When the penalties imposed on Barclays by the UK FSA and the US CFTC brought Libor back into the limelight, I found myself re-reading MacKenzie’s fascinating description of the Libor fixing (Donald MacKenzie, “What’s in a Number?”, London Review of Books, 30(18), 25 September 2008, pages 11-12) based on his ethnographic study carried out prior to the financial crisis.
None of the finance textbooks describe the actual mechanics of the Libor fixing as well as this piece. Every source on Libor recites the standard definition that Libor is “The rate at which an individual contributor panel bank could borrow funds, were it to do so by asking for and then accepting interbank offers in reasonable market size, just prior to 11.00am London time.” But one has to read MacKenzie to understand how this hypothetical condition (“were it to do so”) is actually operationalized. Similarly, MacKenzie tells us very casually that a mere $50 million or so may fall short of reasonable market size which for the major currencies would be of the order of several hundred millions.
The second paper that I have been reading also co-authored by MacKenzie is weightier and more recent (Donald MacKenzie and Taylor Spears, “‘The Formula That Killed Wall Street’? The Gaussian Copula and the Material Cultures of Modelling”, June 2012). This paper discusses the well known (and by now notorious) Gaussian copula model for pricing CDOs.
The crucial claim in this paper is that Gaussian copula models were and are crucial to intra- and inter-organizational co-ordination, while simultaneously being ‘othered’ by the modellers themselves. The word ‘other’ might be a simple word, but it has a complex meaning. What is being argued is that the modellers steeped in the culture of no-arbitrage modelling never ‘naturalized’ the Gaussian copula and did not even regard it as a proper model. The dissonance between actuarial models and no-arbitrage models is also brought out very well.

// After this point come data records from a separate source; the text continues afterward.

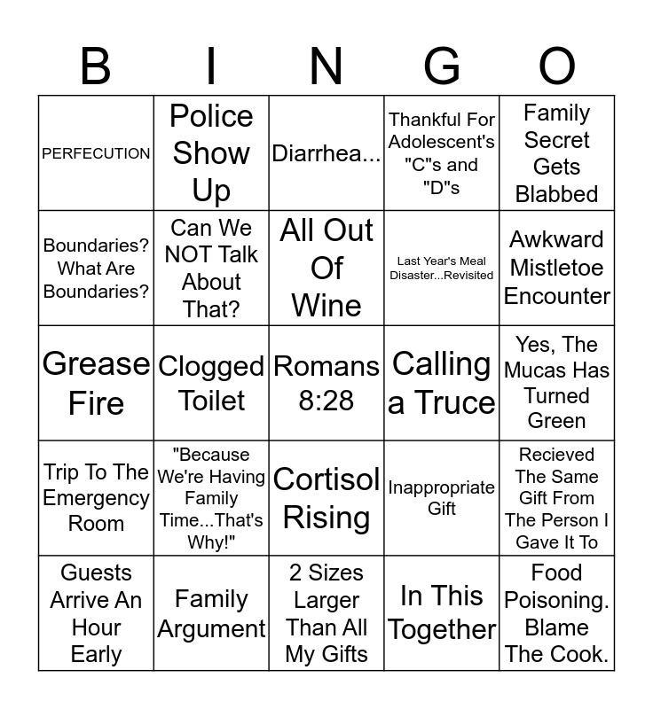 This bingo card has a free space and 28 words: Recieved The Same Gift From The Person I Gave It To, Fake Interest In Someone's Five Minute Story, Last Year's Meal Disaster...Revisited, In This Together, Boundaries? What Are Boundaries?, Diarrhea..., Police Show Up, Trip To The Emergency Room, Calling a Truce, Guests Arrive An Hour Early, Grease Fire, Thankful For Adolescent's "C"s and "D"s, Family Argument, 2 Sizes Larger Than All My Gifts, Awkward Mistletoe Encounter, Extrovert Hugging The Introvert, "Because We're Having Family Time...That's Why!", Can We NOT Talk About That?, All Out Of Wine, Cortisol Rising, PERFECUTION, Snowed In...All Week, Food Poisoning. Blame The Cook., Clogged Toilet, Yes, The Mucas Has Turned Green, Inappropriate Gift, Family Secret Gets Blabbed and Overnight Guests Over Stay.
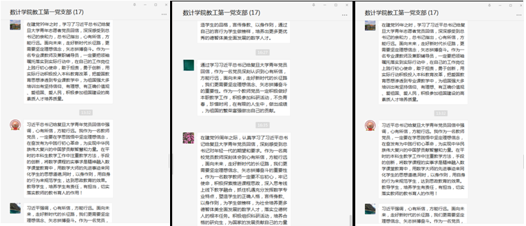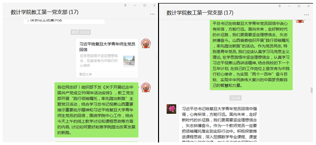 会后,同志们在支部群里,围绕习近平总书记的回信,结合我校的课堂思政改革纷纷发言,表示要在自己的工作岗位上,践行领袖嘱托,率先蹚出新路,为社会培养更多德智体美全面发展的数学人才,落实立德树人的根本任务。
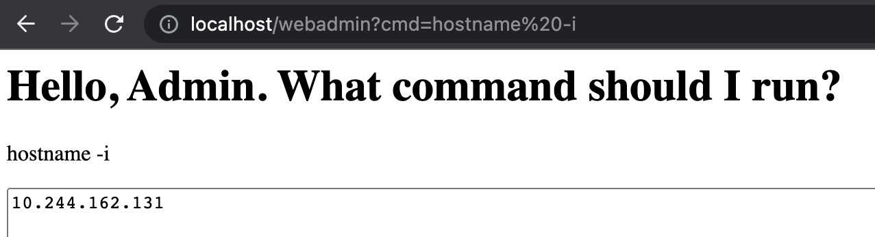 hostname -i: http://localhost/webadmin?cmd=hostname%20-i
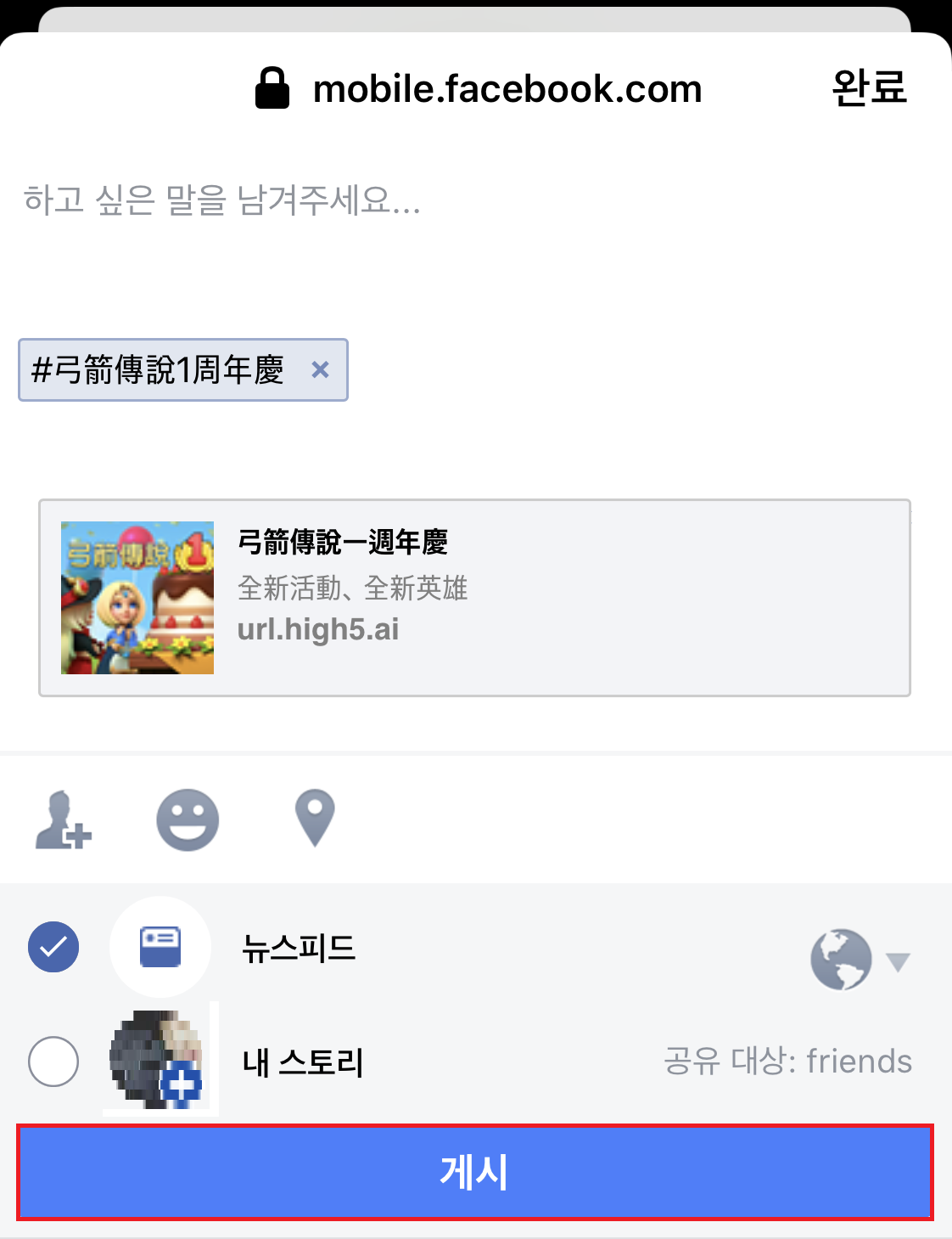 게시 버튼을 누르면 공유 완료!

I found myself thinking that the battle between CreditMetrics and CreditRisk+ more than a decade ago was also one between actuarial models and no-arbitrage models.
As an aside, the authors also bring up the issue of counterperformativity (models being invalidated by their widespread adoption): “models used for governance are undermined by being gamed; models used to hedge derivatives are undermined by the effects of that hedging on the market for the underlying asset” They also speculate on the possibility of ‘deliberate counterperformativity’: “the employment of a model that one knows overestimates the probability of ‘bad’ events, with a view to reducing the likelihood of those events.”